JOURNEY INTO AN OBSESSION

De Waal’s poetically recounted journey is a revelation, as well: of the power of obsession and the lust for purity.

A lyrical melding of art history, memoir, and philosophical meditation.

Ceramic artist de Waal (The Hare with Amber Eyes: A Family's Century of Art and Loss, 2010, etc.) is obsessed with white porcelain, “thin as silver…white as driven snow,” a material so exceptional that it invites comparison to “smoke coiling up from a chimney, or from incense on an altar, or mist from a valley.” Porcelain gets its quality from two kinds of mineral: petunse, a fairly common stone, which yields amazing translucence and hardness; and the rarer kaolin, a soft, white earth that imparts plasticity. In short passages of allusive, radiant prose, the author chronicles his journeys in search of both the materials and the history of porcelain, discovering along the way men as obsessed as he. In 14th-century China, the Yongle emperor coveted porcelains of the purest white—“white as transcendence,” de Waal writes—with finely drawn decorations under a lucent glaze. In 17th-century France, Louis XIV built the Trianon de Porcelaine, filled with Delft imitations until a porcelain industry began in Rouen, Saint-Cloud, and Limoges. In early-18th-century Germany, Ehrenfried Walther von Tschirnhaus, “philosopher and mathematician and observer of how the world changes,” pursued his investigations in Dresden’s Goldhaus, a laboratory for natural philosophers and alchemists.
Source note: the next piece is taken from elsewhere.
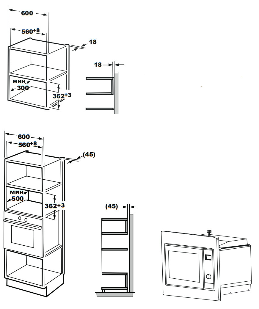 Описаниемикроволновая печь встраиваемая, 25 л, 59,4х38,2х40,3 см, черный

In Cornwall, the Quaker William Cookworthy and the enterprising Wedgwoods perfected porcelain manufacture. Shockingly, in 1940, the Allach Porcelain Factory moved to Dachau, where inmates made figurines beloved by Nazis. Amassing a cache of kaolin, each with idiosyncratic properties, de Waal created an installation of 2,455 porcelain pots, glazed in white. For the author, white has mystical resonance: “White is truth; it is the glowing cloud on the horizon that shows the Lord is coming. White is wisdom….White brings us all into focus….It reveals. It is Revelation itself.”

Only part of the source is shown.